When all of those tactics failed, UCPN (M) shifted its focus to parliamentary procedures, with Dahal’s assurances that the peace process would reach its logical conclusion if the prime minister resigns. Dahal and his party calculated that after Nepal’s resignation, the Maoists would gain majority votes in the parliament and form the government. Finally, Nepal succumbed under the pressure of his own party chairman.



Now, after seven rounds of voting, Dahal has failed to win the confidence of parliament to lead the government. Alleging a “conspiracy to deny the Maoists power”, the UCPN (M) vice chairman, Mohan Baidya, declared that the Maoists will start preparing the country “to capture state power through a people’s revolt”. Historically, such revolts have been enacted over and over again, so a brief look back at communist movements since the ascendancy of the Communist Party of Russia provides some clues as to what such a revolt might mean for Nepal.



Soon after the Russian Revolution in 1917, the Bolsheviks began financial, diplomatic and ideological support to export ‘revolution’, that is, to support the communist movement’s fight against capitalism and struggle to establish communist governments.

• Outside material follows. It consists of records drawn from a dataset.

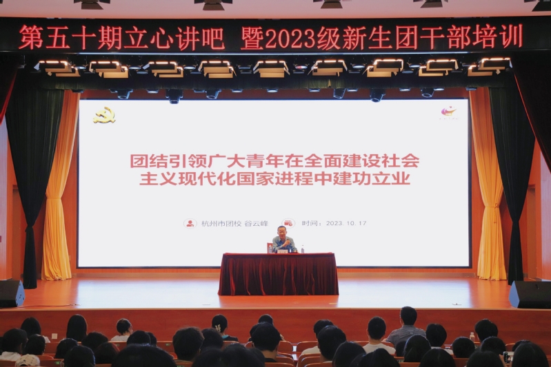 为强化对2023级新生团干部的政治引领,提升新生团干部的精神素养和工作能力,夯实基层团组织建设,10月17日晚,校团委邀请了杭州市团校谷云峰老师做客立心讲吧,为200余名新生团干部带来了一场别开生面的团课。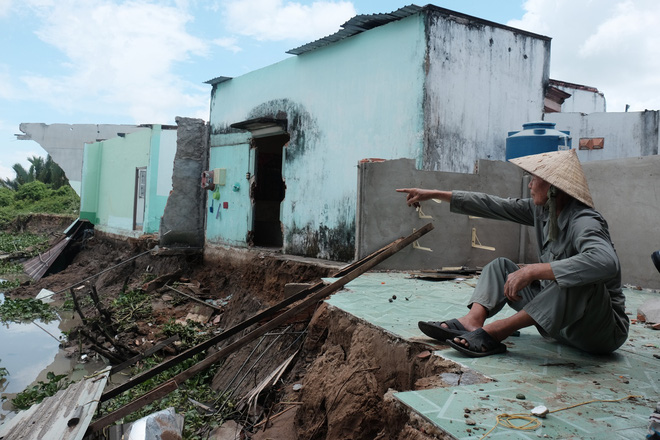 Trao đổi với báo chí, ông Văn Tấn Tài (80 tuổi) kể lại, vào khoảng 12 giờ khuya hôm 27/6, ông Tài đang thiu thiu ngủ thì nghe những tiếng rầm rầm rất lớn. Ông vội chạy lại mé xông thì thấy nhà mình cũng những nhà bên cạnh bị trôi tuột xuống sông, mái tôn và tường cũng sập xuống. Cả cây dừa nằm sát bờ cũng bị tróc gốc trôi ra đến tận ngoài xa.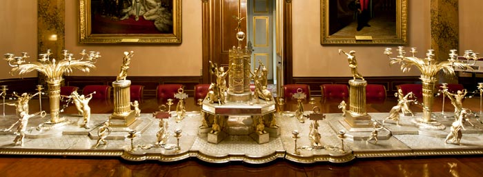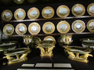 Apsley House is a beautiful home, full of portraits of Wellington and his cronies and important statesmen of the time. (Did you know he and Napoleon were born the same year?) I have a feeling Wellington actually admired Napoleon’s military acumen, in spite of his determination to thwart the man’s ambitions to rule the world. I’ve seen a lot of beautiful homes this summer, and I love to savor each and every piece, but the one thing that really impresses me about Apsley House is the numerous, extravagant gifts that were pressed upon the Iron Duke from grateful statesmen all over the world. The priceless silver pieces, the china and porcelain, the furniture, the sculptures—this extraordinary man did the world a tremendous favor by managing to stop the most cunning, determined, and ambitious man anyone of the time had ever seen.
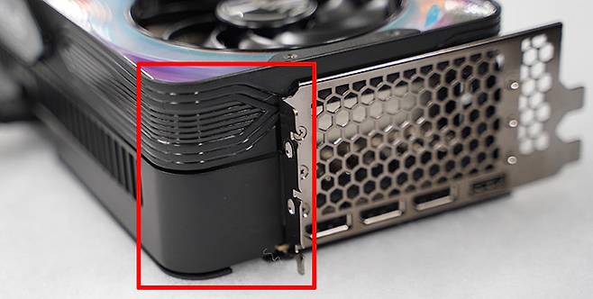 더불어 주목할 점은 바로 세로 길이다. 흔히 그래픽 카드의 스펙표에는 가로 길이와 두께만 표시되는 게 일반적이다. 잘 알다시피 가로 길이는 PC 케이스의 전면부와 후면부 사이의 길이에 그래픽 카드가 수납(?)될 수 있느냐를 판가름하는 척도가 된다. 그래픽 카드를 장착하는 데 가장 먼저 넘어야 할 산이기도 하다. 그리고 두께는 케이스 후면의 PCI 칸 수를 결정한다. PALIT 제품의 경우 실제 조립해 보면 3칸 반 정도 차지한다. 캡처카드나 사운드 카드 같은 추가 PCI 기판이 있다면 꼭 고려해 봐야할 사항이다.

This initially seemed to be a worthy investment as 16 countries converted to communist dictatorships by 1944 while communist insurgency was rising in many others (India, Thailand, Philippines, Sri Lanka, Malaysia, Angola, Columbia, El Salvador and Peru, among others). In 1949, China became communist with Soviet support, but they split in 1960, culminating nine years later in border clashes. This split weakened the solidarity of communist movements, which were already troubled by Soviet invasion in Hungary in 1956.



The Chinese, who were exporting their own brand of revolution, began to sense its futility and in the early seventies started making overtures to capitalist countries, leading to normalizing of relations with the United States in 1972. China, by the late seventies, had become extremely nationalistic and less interested in exporting the revolution.



By 1990, because of serious economic stagnation at home and challenges from non-communist countries, the Soviet Union also lost its wherewithal to prop up its satellite governments. As a result, the communist governments in Eastern Europe collapsed and the Soviet Union itself imploded in 1991.

By the end of the 1980s, with meager or no Soviet or Chinese support coupled with a lack of local support, most of the post-1940 insurgencies had fizzled out or crushed or the insurgents had accepted multiparty electoral democracy. But Marxist ideas of social justice continued to inspire some intellectuals and marginalized citizens of developing countries. The insurgency lead by UCPN (M) was one of those homegrown revolts, except for the tacit support it was receiving from the Indian government.



These nascent and surviving insurgencies, left to their own devices to secure funds, resorted to extreme brutality toward their own citizens and to nefarious trade for funds. The Shining Path, the Peruvian insurgency, which allegedly inspired the Nepali Maoists, was known for its extreme brutality. They have now been crushed. The Columbian movement, which is nearly 25 years old and is led by FARC, is reported to be running cocaine trade for sustenance. Its membership is down to about 11,000 from a peak of 18,000. The inhumane methods the communists employ to terrorize the same people they purport to care for exposes their hypocrisy and render them increasingly unpopular.



Unable to “capture power from the streets,” UCPN (M) signed the Peace Accord, the basis of which is the multiparty pluralist democracy as the foundation of our nation. Other diehard communists had done the some thing similar before, such as Jyoti Basu in India as well as the French, German and Italian communist parties. Unfortunately, in the case of the UCPN (M), their subsequent behavior, including attempts to “capture power from the street” showed that they had no intention to honoring the terms of the Peace Accord. They repeatedly remind us that their commitment to multiparty democracy was simply a strategy to establish their brand of the People’s Republic. Dahal disparagingly calls non-Maoist parties in the parliament as “parliamentary parties” regardless of the fact that his own party is the largest party in the parliament. These deceptions, the inhumanity in the conduct of the so-called people’s revolt and above all a lack of external support for such adventures, do not bode well for UCPN (M)’s ‘people revolt’.



Communist solidarity and big-power financial support have historically been the oxygen of a long-lasting communist insurgency. Without any of these in place, the threatened revolt will sooner or later go the same way as other insurgencies have gone. Until this revolt exhausts itself and the likes of Dahal or Baidya give up their dream of “People’s Republic”, Nepal’s aspirations for peace will remain elusive.